In the records below, repeat exactly the lines between the line holding "Ein Wetter wie" and the line holding "شبرنگ داخل حروف", inclusive, and drop the pictures.

- STORED DATA:
[Start of Attachment]
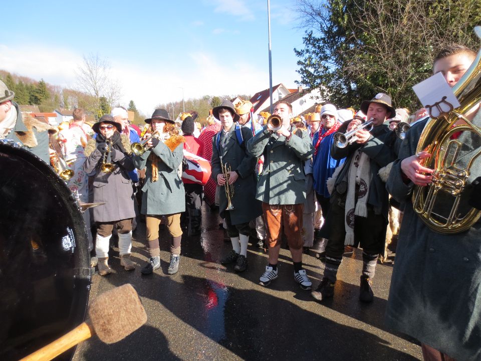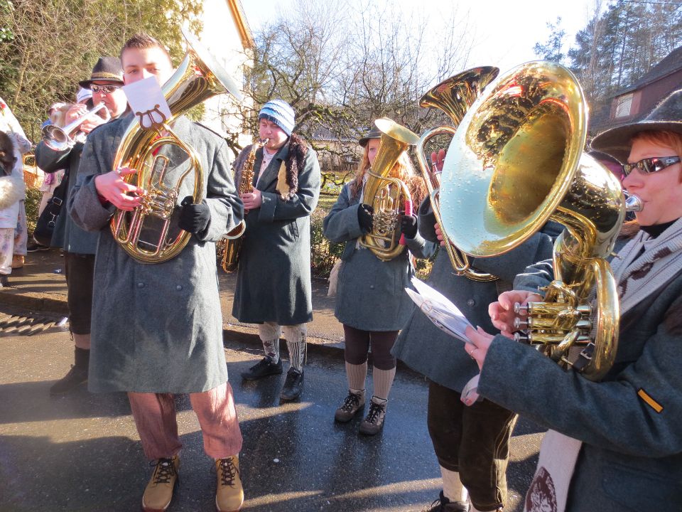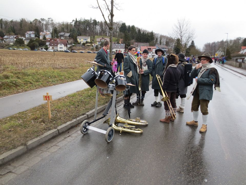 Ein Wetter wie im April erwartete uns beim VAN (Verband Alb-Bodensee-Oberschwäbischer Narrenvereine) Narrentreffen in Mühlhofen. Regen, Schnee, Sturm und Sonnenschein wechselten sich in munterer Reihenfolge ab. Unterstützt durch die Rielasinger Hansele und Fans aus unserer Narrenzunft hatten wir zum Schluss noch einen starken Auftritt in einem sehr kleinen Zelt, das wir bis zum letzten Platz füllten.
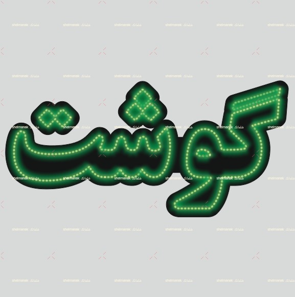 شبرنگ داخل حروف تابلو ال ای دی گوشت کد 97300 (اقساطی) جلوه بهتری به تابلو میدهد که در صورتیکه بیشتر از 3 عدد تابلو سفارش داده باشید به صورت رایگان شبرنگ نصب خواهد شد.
[End of Attachment]
[Start of Attachment]
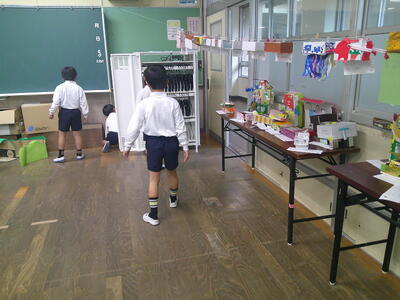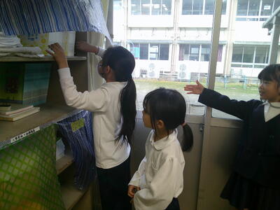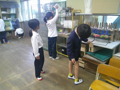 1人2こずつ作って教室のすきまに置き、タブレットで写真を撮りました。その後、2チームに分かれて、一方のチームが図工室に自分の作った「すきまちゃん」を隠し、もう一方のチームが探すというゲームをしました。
[End of Attachment]
- ANSWER BOX:
 Ein Wetter wie im April erwartete uns beim VAN (Verband Alb-Bodensee-Oberschwäbischer Narrenvereine) Narrentreffen in Mühlhofen. Regen, Schnee, Sturm und Sonnenschein wechselten sich in munterer Reihenfolge ab. Unterstützt durch die Rielasinger Hansele und Fans aus unserer Narrenzunft hatten wir zum Schluss noch einen starken Auftritt in einem sehr kleinen Zelt, das wir bis zum letzten Platz füllten.
 شبرنگ داخل حروف تابلو ال ای دی گوشت کد 97300 (اقساطی) جلوه بهتری به تابلو میدهد که در صورتیکه بیشتر از 3 عدد تابلو سفارش داده باشید به صورت رایگان شبرنگ نصب خواهد شد.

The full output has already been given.